== Instructions for the task ==
Repeat the span of the entries below that starts at the line with "Turn off Wi-Fi." and ends at the line with "汉唐A5不干胶标签纸圆形标签", nothing more. Skip the pictures.

== The data ==
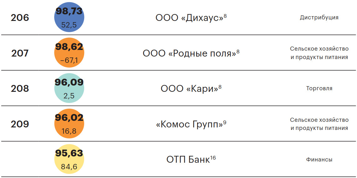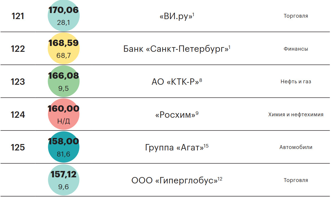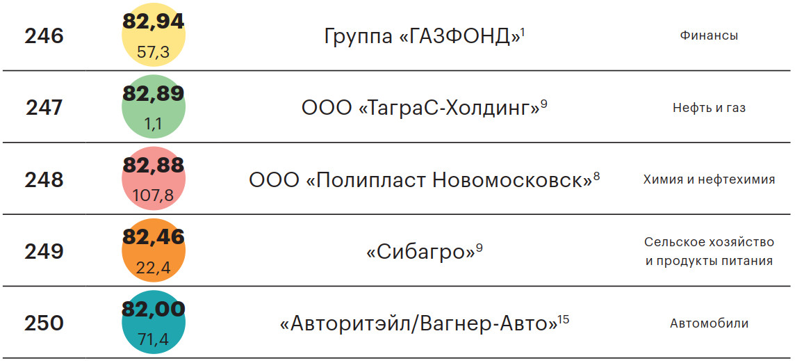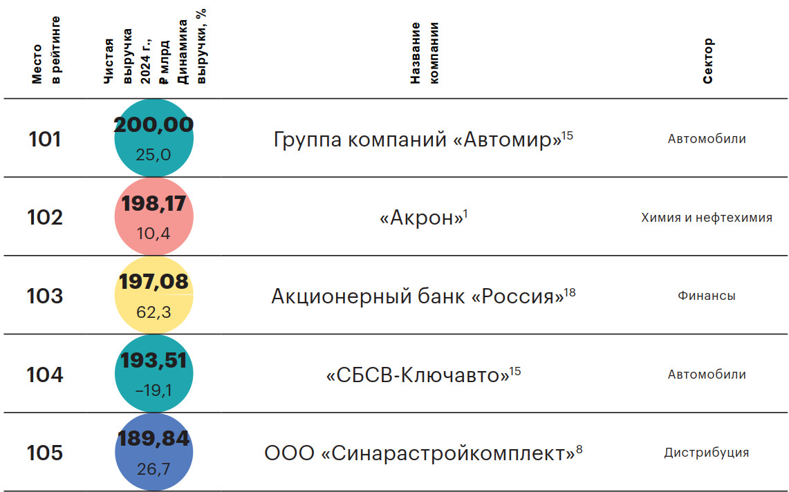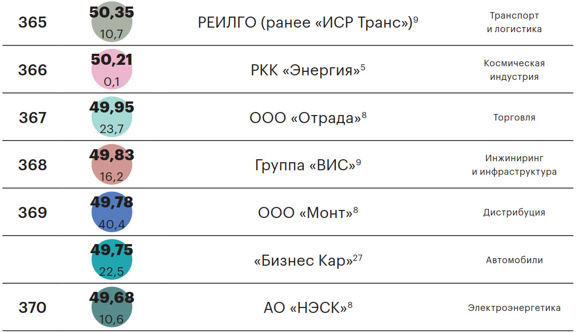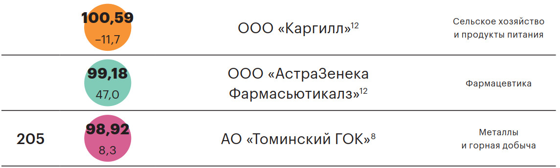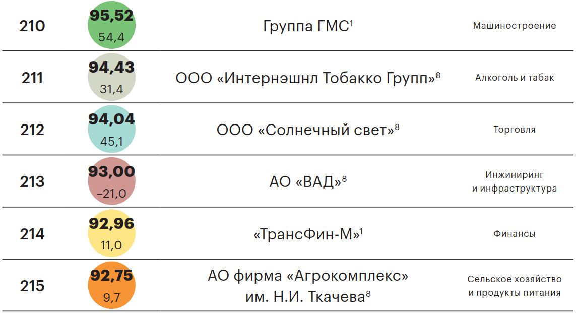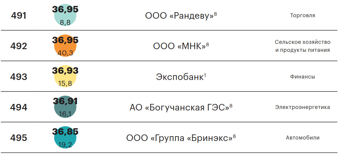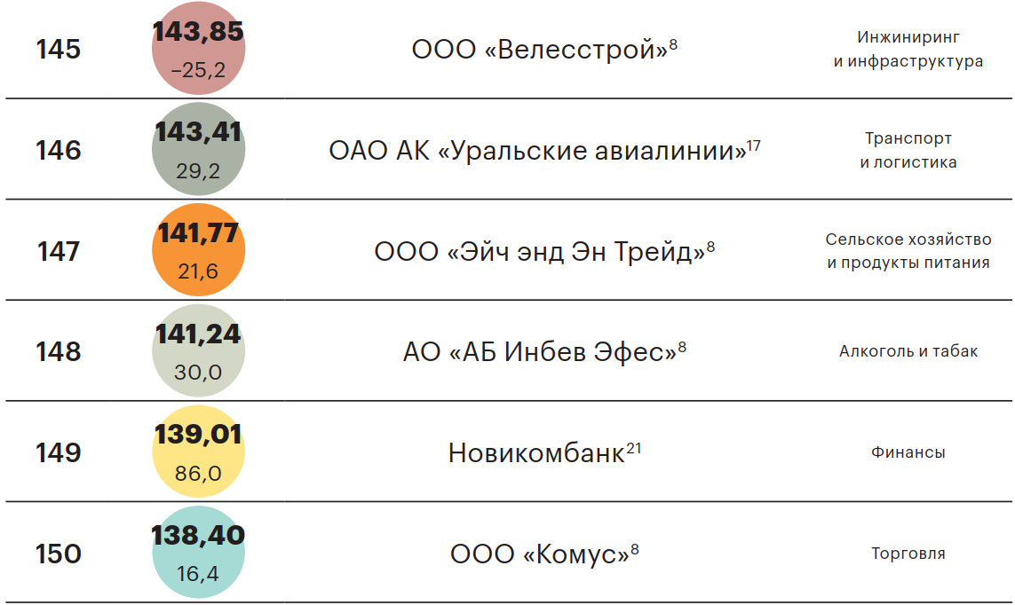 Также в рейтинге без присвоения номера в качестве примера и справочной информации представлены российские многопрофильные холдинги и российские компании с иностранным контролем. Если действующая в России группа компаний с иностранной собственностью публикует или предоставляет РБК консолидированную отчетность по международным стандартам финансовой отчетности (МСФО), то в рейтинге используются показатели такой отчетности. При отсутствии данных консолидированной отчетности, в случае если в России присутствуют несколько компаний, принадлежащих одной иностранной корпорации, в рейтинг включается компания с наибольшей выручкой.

---

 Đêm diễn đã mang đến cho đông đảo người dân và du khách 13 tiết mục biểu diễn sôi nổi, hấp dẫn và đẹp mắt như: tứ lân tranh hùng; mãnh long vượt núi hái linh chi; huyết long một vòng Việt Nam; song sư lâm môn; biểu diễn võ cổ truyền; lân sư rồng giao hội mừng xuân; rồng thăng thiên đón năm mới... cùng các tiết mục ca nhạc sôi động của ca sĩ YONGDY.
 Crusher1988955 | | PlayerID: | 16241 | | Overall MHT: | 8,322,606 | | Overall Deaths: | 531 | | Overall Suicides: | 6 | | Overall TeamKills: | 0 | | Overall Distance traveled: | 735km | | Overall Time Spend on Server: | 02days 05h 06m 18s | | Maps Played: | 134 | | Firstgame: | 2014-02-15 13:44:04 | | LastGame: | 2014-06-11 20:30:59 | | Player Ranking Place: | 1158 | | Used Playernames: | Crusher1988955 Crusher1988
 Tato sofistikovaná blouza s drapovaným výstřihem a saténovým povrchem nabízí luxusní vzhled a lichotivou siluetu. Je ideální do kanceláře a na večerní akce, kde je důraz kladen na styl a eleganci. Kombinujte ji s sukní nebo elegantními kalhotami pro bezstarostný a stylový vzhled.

* * *

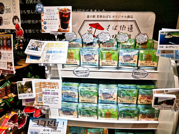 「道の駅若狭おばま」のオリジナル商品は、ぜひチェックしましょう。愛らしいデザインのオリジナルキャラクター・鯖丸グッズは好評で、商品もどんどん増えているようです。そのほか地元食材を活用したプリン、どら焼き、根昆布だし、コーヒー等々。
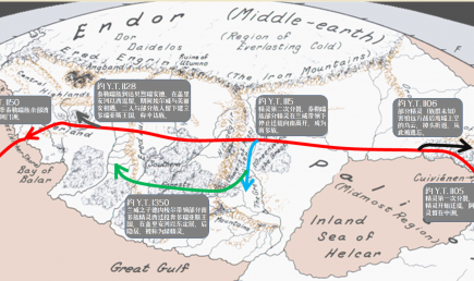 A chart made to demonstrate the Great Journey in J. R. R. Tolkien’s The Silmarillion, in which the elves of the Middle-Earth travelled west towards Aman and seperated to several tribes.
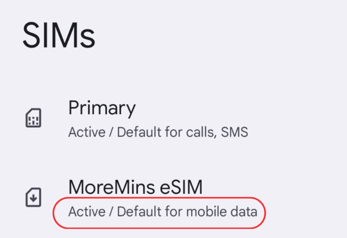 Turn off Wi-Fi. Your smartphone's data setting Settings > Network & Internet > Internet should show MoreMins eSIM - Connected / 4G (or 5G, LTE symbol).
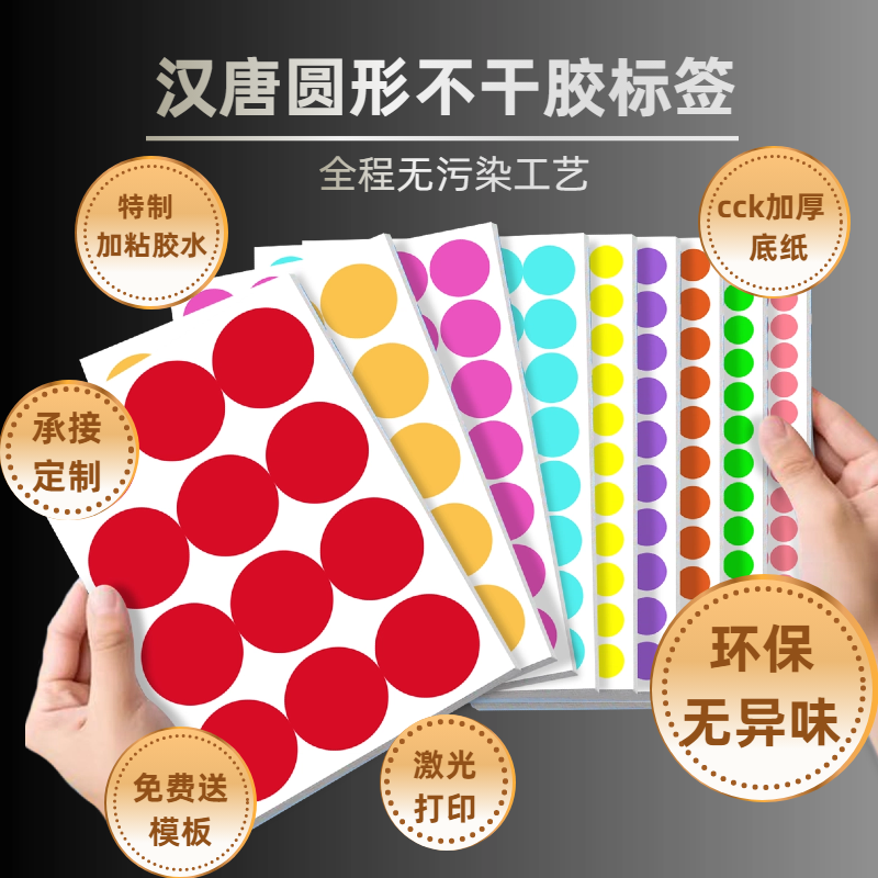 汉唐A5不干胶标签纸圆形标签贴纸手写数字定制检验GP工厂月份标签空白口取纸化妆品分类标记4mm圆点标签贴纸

== Answer section ==
 Turn off Wi-Fi. Your smartphone's data setting Settings > Network & Internet > Internet should show MoreMins eSIM - Connected / 4G (or 5G, LTE symbol).
 汉唐A5不干胶标签纸圆形标签贴纸手写数字定制检验GP工厂月份标签空白口取纸化妆品分类标记4mm圆点标签贴纸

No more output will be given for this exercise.